Research project: Toxoplasma gondii is an obligate intracellular parasite that affects ~30% of the population globally. While infections in healthy persons are typically asymptomatic, infections in the immunocompromised or congenitally infected neonates can have severe and even fatal consequences. T. gondii serves as a model organism for related pathogens such as those that cause malaria and cryptosporidiosis. Toxoplasma infections can be treated but not cleared, thus new therapies that target parasite-specific activities are needed.

Mentor: Dr. Michael Lawson

Research project: Michelle investigates how Poly(A)-Binding Protein (PABP) coordinates accurate stop-codon recognition with downstream mRNA fate in yeast by modulating the activities of the release factors eRF1 and eRF3 at the terminating ribosome. In this model, eRF3 recruits eRF1, while PABP stabilizes the complex to increase both the speed and fidelity of termination on normal messages; however, at premature termination codons, PABP’s distance from the stop codon reduces this stabilizing influence and biases transcripts toward nonsense-mediated decay (NMD). She is particularly interested in how variability in readthrough and stalling emerges from these interactions and whether local mRNA topology helps resolve competing outcomes. Beyond termination, PABP’s interaction with eIF4G is thought to promote a closed-loop configuration that brings mRNA ends into proximity, potentially facilitating ribosome recycling and reinitiation and feeding back on termination efficiency.
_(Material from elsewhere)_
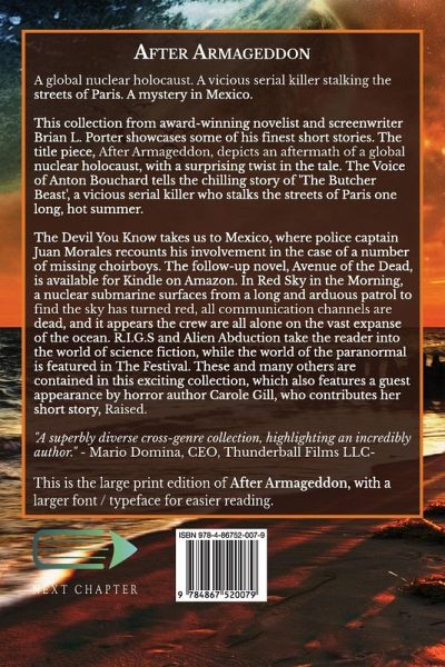 A global nuclear holocaust. A vicious serial killer stalking the streets of Paris. A mystery in Mexico. This collection from award-winning novelist and screenwriter Brian L. Porter showcases some of his finest short stories. The title piece, After Armageddon, depicts an aftermath of a global nuclear holocaust, with a surprising twist in the tale. The Voice of Anton Bouchard, soon to be made into a motion picture by Thunderball Films, tells the chilling story of 'The Butcher Beast', a vicious serial killer who stalks the streets of Paris one long, hot summer. The Devil You Know takes us to Mexico, where police captain Juan Morales recounts his involvement in the case of a number of missing choirboys. The follow-up novel, Avenue of the Dead, is available for Kindle on Amazon. In Red Sky in the Morning, a nuclear submarine surfaces from a long and arduous patrol to find the sky has turned red, all communication channels are dead, and it appears the crew are all alone on the vast expanse of the ocean. R.I.G.S and Alien Abduction take the reader into the world of science fiction, while the world of the paranormal is featured in The Festival. These and many others are contained in this exciting collection, which also features a guest appearance by horror author Carole Gill, who contributes her short story, Raised. This is the large print edition of After Armageddon, with a larger font / typeface for easier reading.

By integrating these dual roles, the project tests whether PABP acts as a licensing factor that both accelerates release-factor kinetics and shapes RNA topology to favor productive post-termination fates. To access events that bulk assays average away, Michelle employs single-molecule fluorescence to watch ordered factor arrival and departure in real time on normal and aberrant mRNAs. The resulting mechanism aims to clarify how cells distinguish proper versus premature termination and how those decisions lead to mRNA stability and translational output.

Mentor: Dr. Jorge Torres

Research project: Cell division is a highly regulated process culminating in the transfer of genetic material into daughter cells. Phosphorylation via kinases is a key post translational modification in cell division acting as a dynamic molecular switch to affect protein activity, protein-protein interactions, protein localization, and abundance. Many kinases with roles defined outside of mitosis have been shown to be important for cell division although their kinase-phosphosite pairs remain unknown. Roshini’s aims to test how new phosphosite pairs contribute to the phospho circuitry that coordinates cell division and its relation to cell dysfunction and disease.